Emmis also announced that the special meeting of Emmis shareholders held at 6:30 p.m., local time,
on Friday, August 27, 2010, to vote on certain amendments to the terms of the Preferred Stock, was
initially adjourned until 8:00 a.m., local time, on Monday, August 30, 2010, and subsequently
adjourned until 6:30 p.m., local time, on Thursday, September 2, 2010, at One Emmis Plaza, 40
Monument Circle, Indianapolis, Indiana 46204.
Emmis has been informed that JS Acquisition, Inc., an Indiana corporation (JS Acquisition) whose
equity securities are owned entirely by Mr. Jeffrey H. Smulyan, the Chairman, Chief Executive
Officer and President of Emmis, and JS Acquisition, LLC, an Indiana limited liability company (JS
Parent) that is wholly owned by Mr. Smulyan, is further extending its tender offer to purchase all
of Emmis outstanding shares of Class A common stock for $2.40 per share in cash until 5:00 p.m.,
New York City time, on Thursday, September 2, 2010. The tender offer, as previously extended, was
originally scheduled to expire at 5:00 p.m., New York City time, on Friday, August 27, 2010.
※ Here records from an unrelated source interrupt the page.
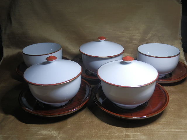 - たち吉 蓋茶托付き 湯呑 1客 紅金 瑞鶴 皿12cm 8x5cm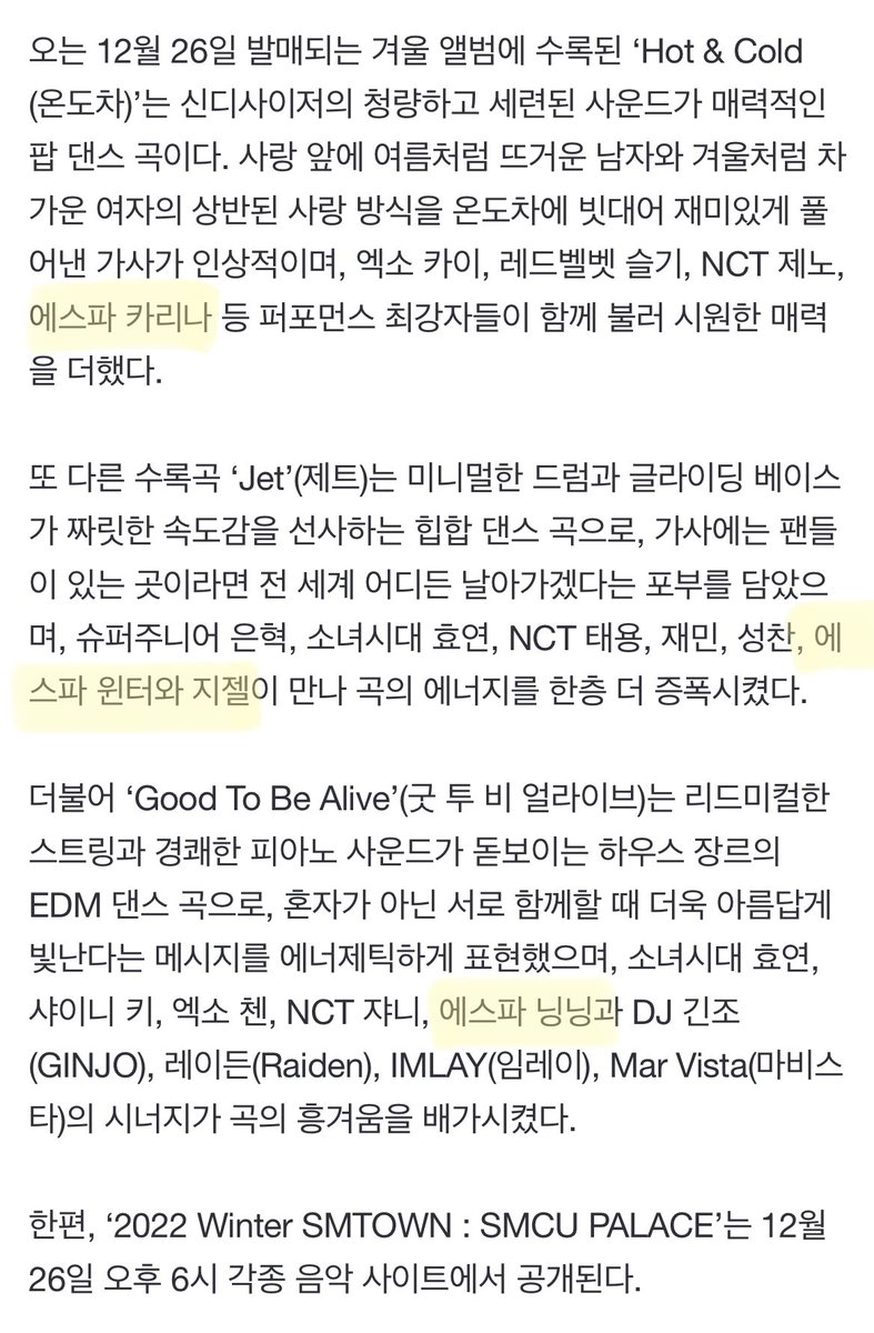 2022 Winter SMTOWN : SMCU PALACE Highlight Medley #에스파 cut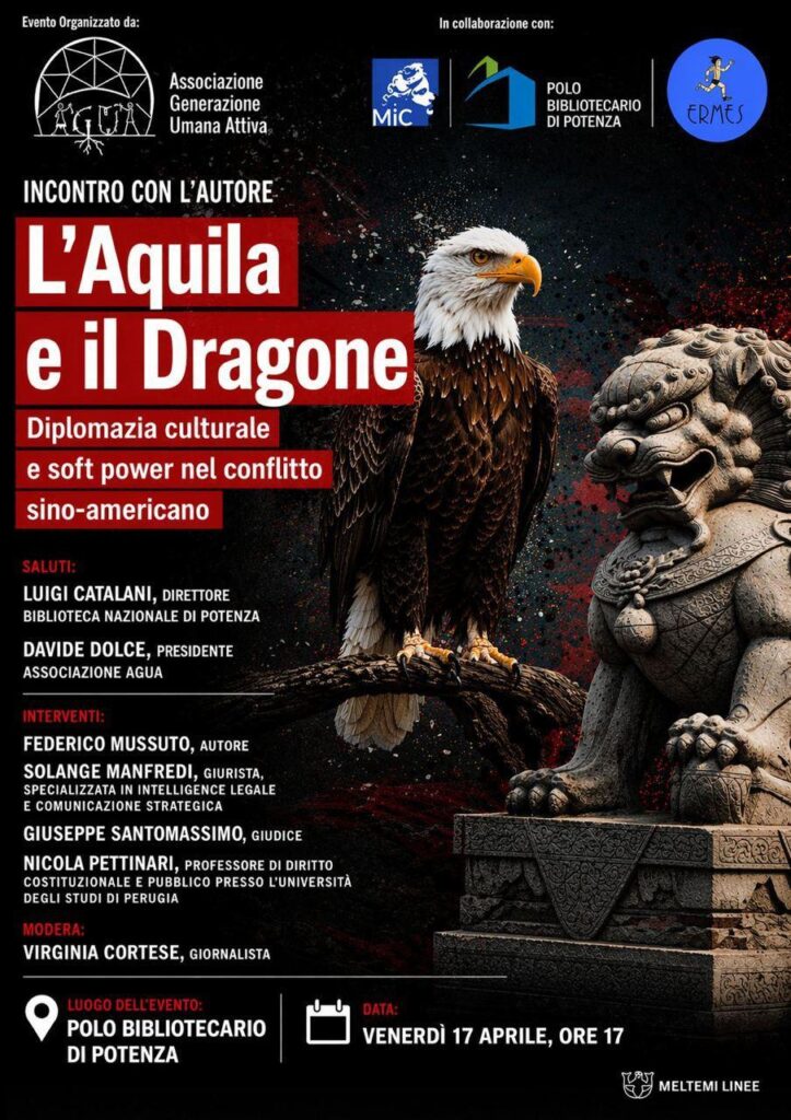 Il 17 aprile, alle ore 17, il Polo Bibliotecario di Potenza, in Via Minozzi, ospiterà la presentazione del libro “L’Aquila e il Dragone. Diplomazia culturale e soft power nel conflitto sino-americano” di Federico Mussuto, in un evento organizzato dall’Associazione AGUA Aps.

The offers are being further extended because Emmis, JS Parent, JS Acquisition and Mr. Smulyan are
continuing their discussions in an effort to reach an agreement with Alden Global Capital
(Alden), a private asset management company that had previously agreed to provide financing for
the tender offer through an affiliate, and a group of holders of approximately 38.3% of the
outstanding shares of Preferred Stock in the aggregate who have previously indicated that they
would vote against the matters to be voted on at the special meeting. During the past several
weeks, Emmis, JS Parent, JS Acquisition, Mr. Smulyan, Alden and the representatives of the group of
holders of Preferred Stock negotiated and agreed in principle on revised economic terms for the
contemplated transactions that each indicated it would support. Subsequently, Alden has informed
Emmis, JS Parent, JS Acquisition and Mr. Smulyan that it would no longer support the negotiated
terms. Accordingly, although discussions are continuing, JS Acquisition believes it is unlikely
that an agreement will be reached with either Alden or the group of holders of Preferred Stock.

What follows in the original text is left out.